- Recorded data:

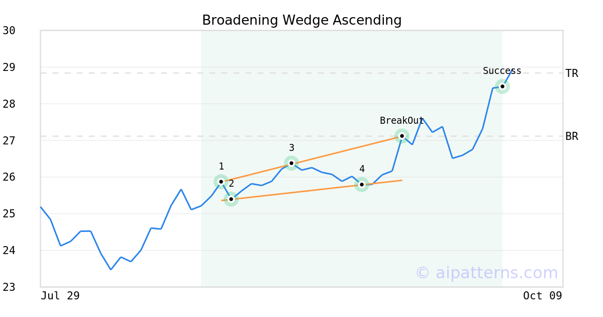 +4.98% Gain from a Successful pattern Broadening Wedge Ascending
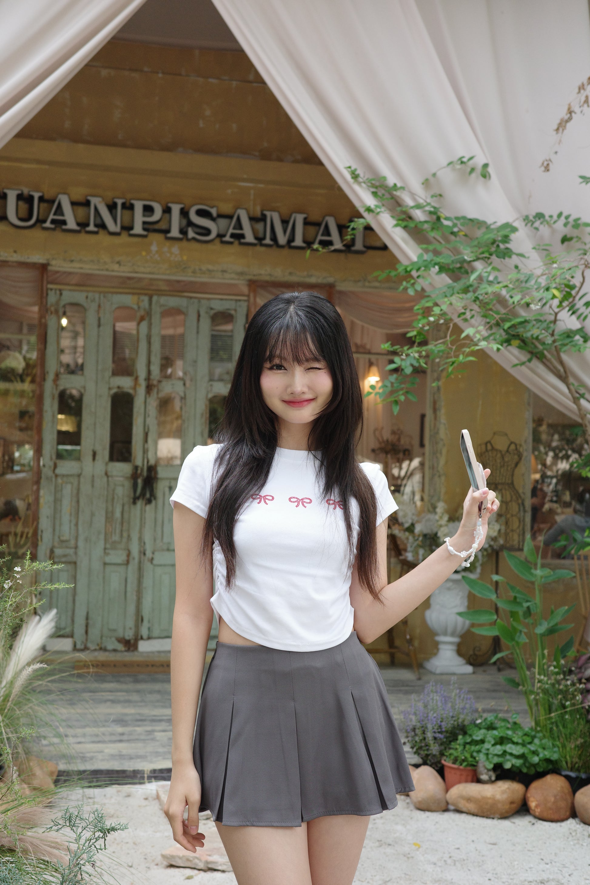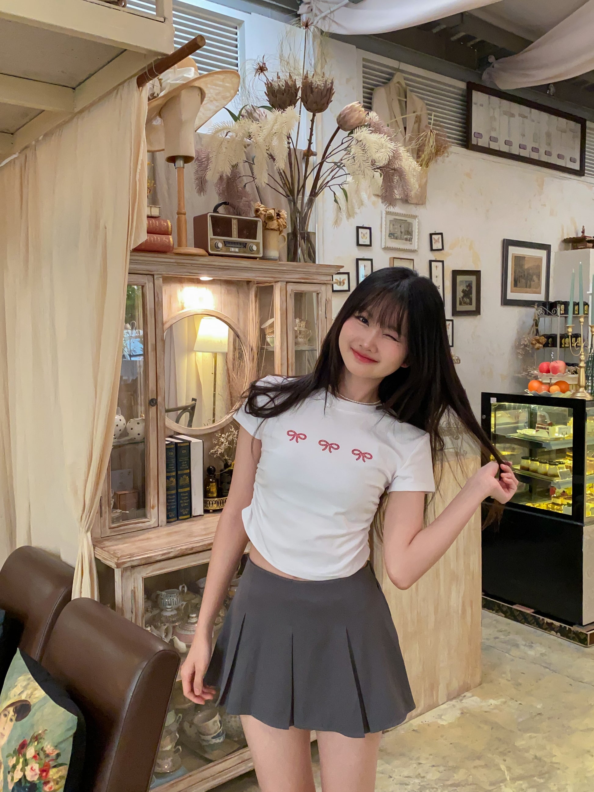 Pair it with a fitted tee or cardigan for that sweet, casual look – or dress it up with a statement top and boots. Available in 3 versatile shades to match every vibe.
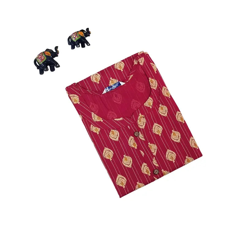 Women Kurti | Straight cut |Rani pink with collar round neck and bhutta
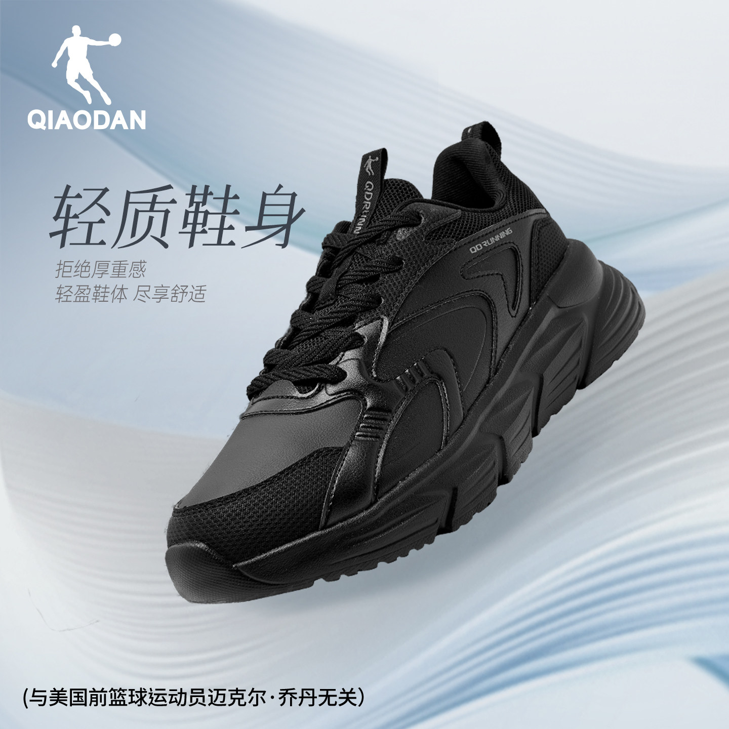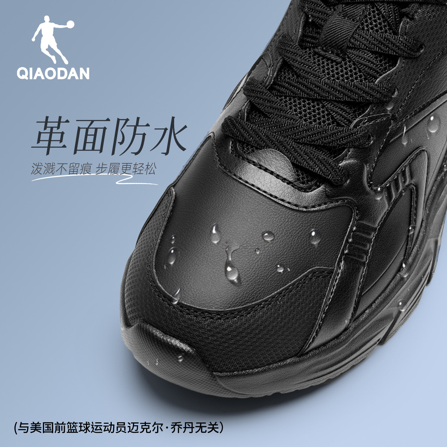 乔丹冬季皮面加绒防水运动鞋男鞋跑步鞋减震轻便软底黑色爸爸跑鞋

- Your instructions:
Transcribe all the lines above exactly; any image among them is skipped.

- Response to the exercise:
 +4.98% Gain from a Successful pattern Broadening Wedge Ascending
 Pair it with a fitted tee or cardigan for that sweet, casual look – or dress it up with a statement top and boots. Available in 3 versatile shades to match every vibe.
 Women Kurti | Straight cut |Rani pink with collar round neck and bhutta
 乔丹冬季皮面加绒防水运动鞋男鞋跑步鞋减震轻便软底黑色爸爸跑鞋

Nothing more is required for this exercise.